Additionally, if you'll review the tape you'll notice the president turned his body at the hips to look over at Kerry. Normally one would turn at the mid-section/shoulder region, but to anyone who has suffered from a bad back it is understandable why he would turn at the hips instead. The president's lack of motivation and slowed rythym (a problem he has never has in the past - you can call the man an imbecille, but you cannot deny he is a peppy imbecille) would have most likely been caused by pain killers, or more likely muscle relaxers.

Finally, I dont think the president wore an audio device because Karl Rove is no idiot. Alot of noise was made about the bulg in the presidents back after the first debate, enough to make me believe they wouldnt be stupid enough to let it be visible in the second. If the president were dependent on this system they would have mounted the transmitter at his belt line and ran the wire up his side - not up his back.

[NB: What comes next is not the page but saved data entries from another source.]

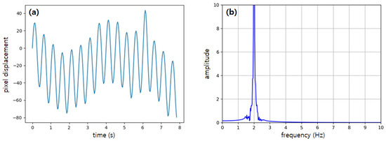 Figure 6 is a graph of the displacement data obtained from the above experiment and the cross power spectral density (CPSD) obtained through the FFT process. Figure 7 is the CPSD result for even Hz. Based on the experimental results, it can be confirmed that the vibration frequency component of the vibration table can be detected using a drone.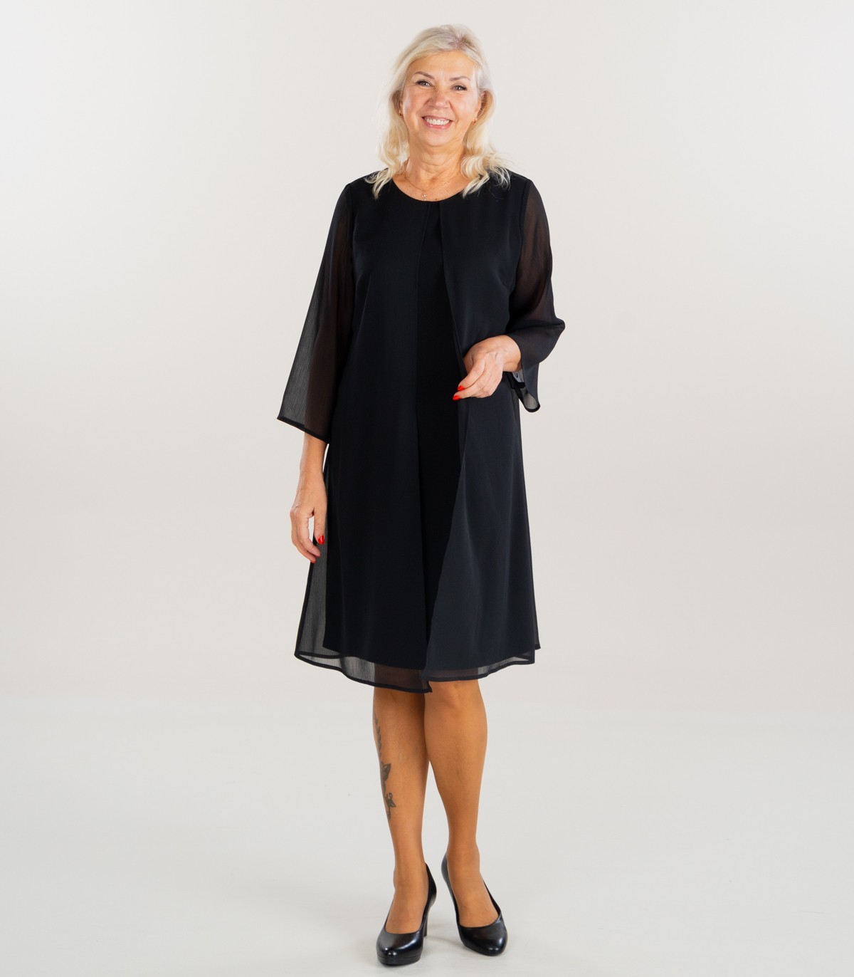 - Külgeõmmeldud šifoonist pealisjakk lisab kleidile kihilisust ja õhulisust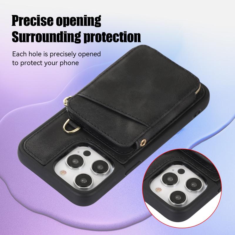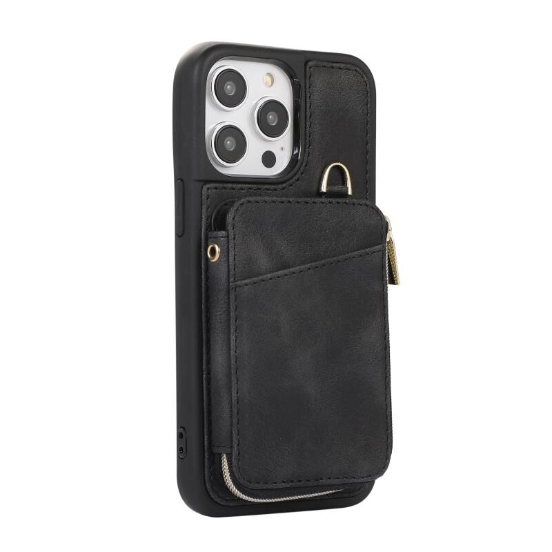 For iPhone 14 Pro Max Zipper Card Bag Back Cover Phone Case(Black)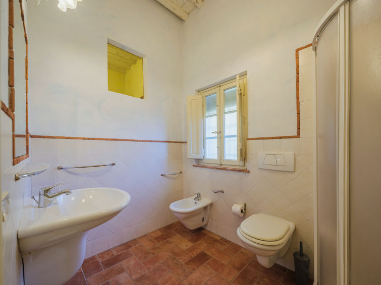 San Michele di Moriano: Very beautiful country house "Le Fornaci", surrounded by trees, meadows and fields. 7 apartments in the residence. 500 m from the centre of San Michele di Moriano, on the outskirts, 4.5 km from the centre of Ponte a Moriano, 6 km from the centre of Lucca, in a quiet, sunny position, 35 km from the sea, in the countryside. For shared use: property 700 m2 (fenced), well-kept garden with plants and trees, meadow, orchard, swimming pool (12 x 6 m, depth 100 - 140 cm, seasonal availability: 16.May. - 10.Oct. pool opening hours: 08:00-20:00). Table tennis, boccia, garden furniture. In the house: lounge with TV, table football, central heating system, air conditioning, washing machine (for shared use), heating to be paid on the spot (28.Mar. - 31.Oct.), heating available only from 01.Nov. - 27.Mar., bicycles available. 200 m long motor access (via unmade road). Parking on the premises. Supermarket 2.7 km, bus stop 1 km, sandy beach "Viareggio" 35 km. Nearby attractions: Pisa 26 km, Collodi Pinocchio Park 18 km, Viareggio 33 km, Montecatini Terme 38 km, San Giuliano Terme 20 km, Firenze 82 km. Well-known lakes can easily be reached: Torre del Lago 35 km, Lago di Massaciuccoli 25 km. Hiking paths: Antro del Corchia Levigliani 57 km, Botri Canyion dell´Orrido 34 km, Grotta del Vento Fabbriche di Vergemoli 42 km. Please note: car recommended. Local sale of farm products."Il Magazzino", 1-room apartment 35 m2, on the ground floor. Renovated, beautiful and tasteful furnishings: living/sleeping room with 1 french bed (160 cm), 1 sleeping facility, dining table and TV. Small, open kitchen (4 gas rings, toaster, microwave, electric coffee machine). Shower/WC. Gas heating (extra), air-conditioning (extra). Terrace. Terrace furniture. Facilities: baby cot for up to 2 year olds. Internet (WiFi, free). Parking at the house. Please note: non-smokers only. Private entrance, smoke alarm, fire extinguisher. IT046017B5UDWT7VXO

Most likely both bulges were caused by two different types of back braces. Having realized people were talking about the bulg after the first debate they probably just replaced that brace with one that would not stand out as much. Also, I dont think they would admit the president needed the brace because it would turn into another barb the pundits could use to harangue the president with (ie: "wimp factor").

Anonymous said...

I have noticed something about Bush in just the past week or so. I noticed it during the second debate and never noticed it before. He is doing something strange with his jaw--wiggling it side to side or jutting it out quickly. It looks like a nervous tic, but I wonder if it's the symptom of anything else? Now I see it all the time, when he's speaking at campaign appearances etc. It's very weird. Any ideas? Maybe he has a toothache or TMJ or something, or is it the sign of something else more serious?

Anonymous said...

As to the wriggling back and forth of his jaw, that could be to adjust the apparatus in his ear, which would at least appear to be some sort of cochlear device, the better to hear the middleman between himself and his brain. Sort of like what you do in airplanes to make your ears pop . . .

Anonymous said...

I've written about Wernicke-Korsakoff's and have treated a number of patients. The disorder is indeed due to a deficiency of thiamine, and is found in alcoholism, nutritional deficiencies, and malabsorption syndromes (which of course lead to failure to absorb thiamine (vitamin B1). Thiamine acts as an essential coenzyme in at least two vital brain metabolic pathways.

Wernicke's is characterized by a gait disturbance, mental status changes, and ophthalmoplegia (which means a disorder of eye muscles leading to uncoordinated eye movemements and/or nystagmus, which is a rapid eye movement when the eyes attempt to gaze laterally).

The late stage of this syndrome (Korsakoff's) is when further deterioration takes place and there is confabulation, which of course means making up fantastical stories and believing them. It is irreversible, that is, not affected by thiamine.

If the subject continues to drink alcohol, and Wernicke's is present, then there is usually progression to the late (Korsakoff's) stage.

Thiamine, by the way, to be effective must be given parenterally (intramuscular or intravenous) as most of these patients don't absorb it until they're improved. It's important to assess magnesium levels as well, as this substance is important to assist in utilization of thiamine.